## Activity
After finding the line with "Brushed Golden Basin" in the entries below, retype exactly each line from there through the line with "Traumhafte Wohnung offen", including that final line.

## Extracted entries
========
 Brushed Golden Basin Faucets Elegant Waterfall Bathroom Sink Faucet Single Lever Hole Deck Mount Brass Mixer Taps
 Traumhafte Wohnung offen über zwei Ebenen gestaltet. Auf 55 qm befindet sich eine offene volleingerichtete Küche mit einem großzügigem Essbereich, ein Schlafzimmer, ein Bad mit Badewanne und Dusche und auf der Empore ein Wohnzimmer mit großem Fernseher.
========
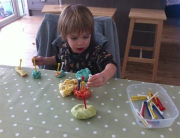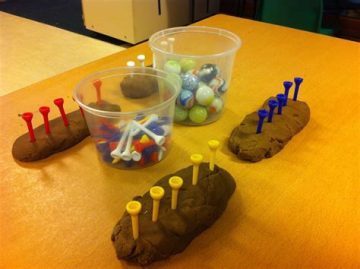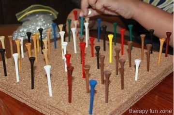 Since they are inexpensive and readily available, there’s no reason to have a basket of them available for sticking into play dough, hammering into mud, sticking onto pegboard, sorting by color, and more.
========
## Answer to this problem
 Brushed Golden Basin Faucets Elegant Waterfall Bathroom Sink Faucet Single Lever Hole Deck Mount Brass Mixer Taps
 Traumhafte Wohnung offen über zwei Ebenen gestaltet. Auf 55 qm befindet sich eine offene volleingerichtete Küche mit einem großzügigem Essbereich, ein Schlafzimmer, ein Bad mit Badewanne und Dusche und auf der Empore ein Wohnzimmer mit großem Fernseher.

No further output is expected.